If I accelerated a train to a relativistic speed I would observe a contraction of its length.

But if I accelerate two electrons (or atoms) independently at the same rate I do not observe the distance between them to reduce at all from what it was when they were moving slowly. (Picture two separate Linacs aligned on the same axis, their electrons will not affect one another, otherwise Linacs in different hospitals would be pulling each other's electrons out of their guides!)

Why the two different results? Because the atoms in the train are in a lattice. If you try to accelerate the front of the train independently of the back you will rip it in half. But an observer who is already moving the same direction as the train would claim the front started first, and that's why it ripped in half; no paradox. But the train will rip in half.

 

[granpa]

when an objects moves it really does contract or at least it occupies less space (same thing?). but to that object the rest of the universe appears to be moving and therefore contracted. did the universe contract just because this one object moved? of course not.

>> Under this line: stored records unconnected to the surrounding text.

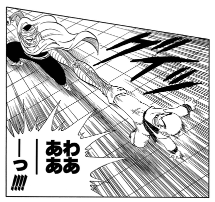 Piccolo schießt laserähnliche Energiestrahlen aus seinen Augen, in diesem Beispiel nutzt er sie, um Krillins Zielsuchangriff auf das 23. Tenkaichi Budokai.
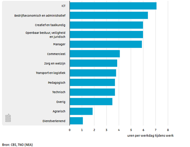 In 2024 brachten werknemers (15 tot 75 jaar) in ICT-beroepen, zoals databank- en netwerkspecialisten, gemiddeld de meeste tijd zittend door tijdens het werk: 7,1 uur per dag. Ook werknemers in bedrijfseconomische en administratieve functies, zoals accountants, zaten veel tijdens hun werkdag. Daarentegen zaten werknemers in dienstverlenende beroepen, zoals kelners, barpersoneel en schoonmakers, juist het minst: gemiddeld 1,1 uur per werkdag.
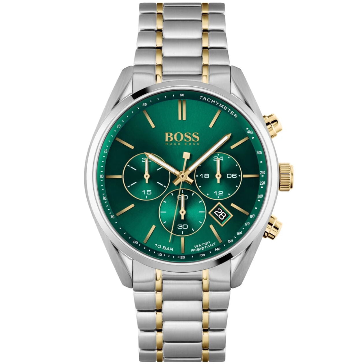 De unieke kleurencombinatie van de groen wijzerplaat met goude tinten voegt een vleugje moderniteit en luxe toe. Het mineraalglas beschermt niet alleen de wijzerplaat, maar voegt ook een subtiele glans toe aan het horloge. De zilver- en goudkleurige metalen band, in perfecte harmonie met de kast, geeft het horloge een verfijnde uitstraling.
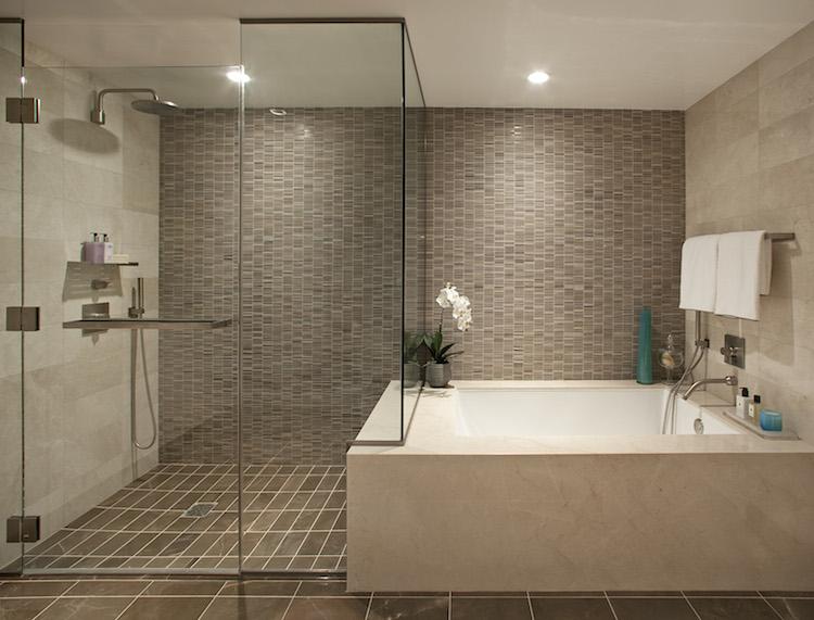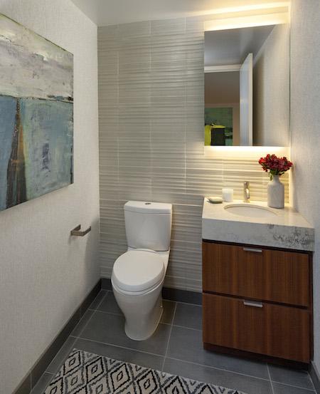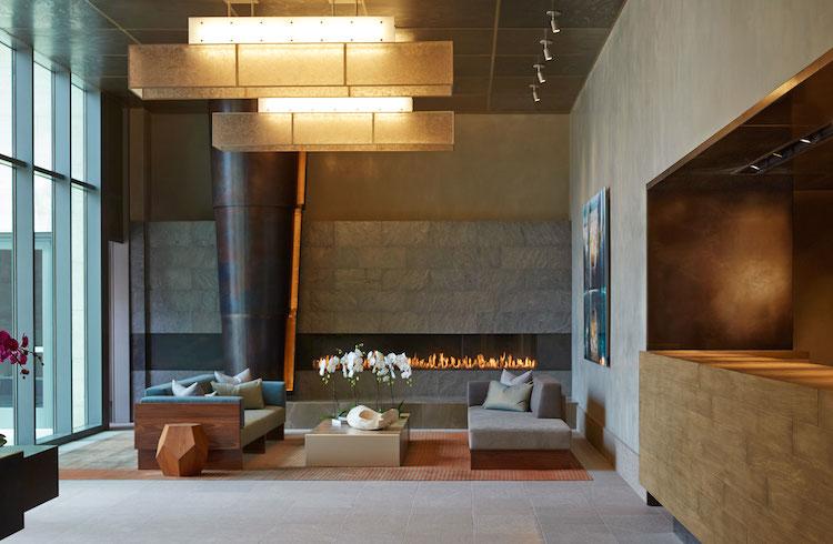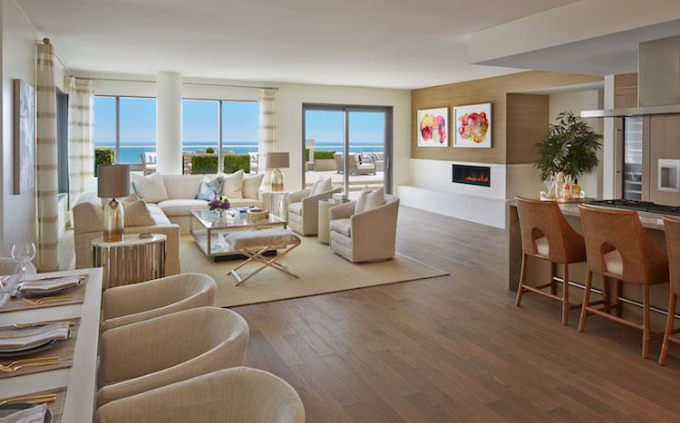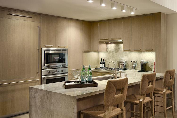 The Seychelle offers spacious living areas blending contemporary style with accents of polished quartzites, honed marbles and warm wood tones. The open gourmet kitchens feature polished Sea Pearl quartzite counters with a full-height backsplash, grey oak cabinetry, a Watermark single-lever faucet and appliances by Thermador. Spa like master baths with captivating details include Gaudi marble flooring, Crema Beige marble counters atop a chocolate oak vanity, and a Zuma bathtub and glass enclosed shower framed by a mosaic tile wall. Powder rooms include a custom teak vanity is finished with an Okite quartz counter, and graphite metallic tile flooring is accented by a Clodagh-designed feature wall with birch-colored Ann Sacks tile.

the length of an object is the distance between the front and back at one instantaneous moment. imagine that the object is moving past a line of stationary, perfectly synchronized clocks. since, to the moving object, the clocks APPEAR (even after compensating for light travel time) to be out of synch, the line of clocks will also appear to be shorter.

so length contraction is both real and illusory. the moving object really contracts. while everything else only appears to the moving object to contract.

this is similar to the twin paradox where only one of the twin actually ages less even though it appears as though both are time dilated.

 

[matheinste]

Hello granpa.

--------- contraction is both real and illusory. the moving object really contracts. while everything else only appears to the moving object to contract.---------


Length contraction, like time dilation in SR is symmetric. Both observers in relative motion see length contract and time dilate in the other frame. In their own frame of course they see nothing change.

Matheinste.



-----so length contraction is both real and illusory. the moving object really contracts. while everything else only appears to the moving object to contract.-----

 

[granpa]

thats what i said

 

[matheinste]

Hello granpa.

I messed up the last post. The bottom line should not be there i was just pointing out that you were wrong by quoting your words.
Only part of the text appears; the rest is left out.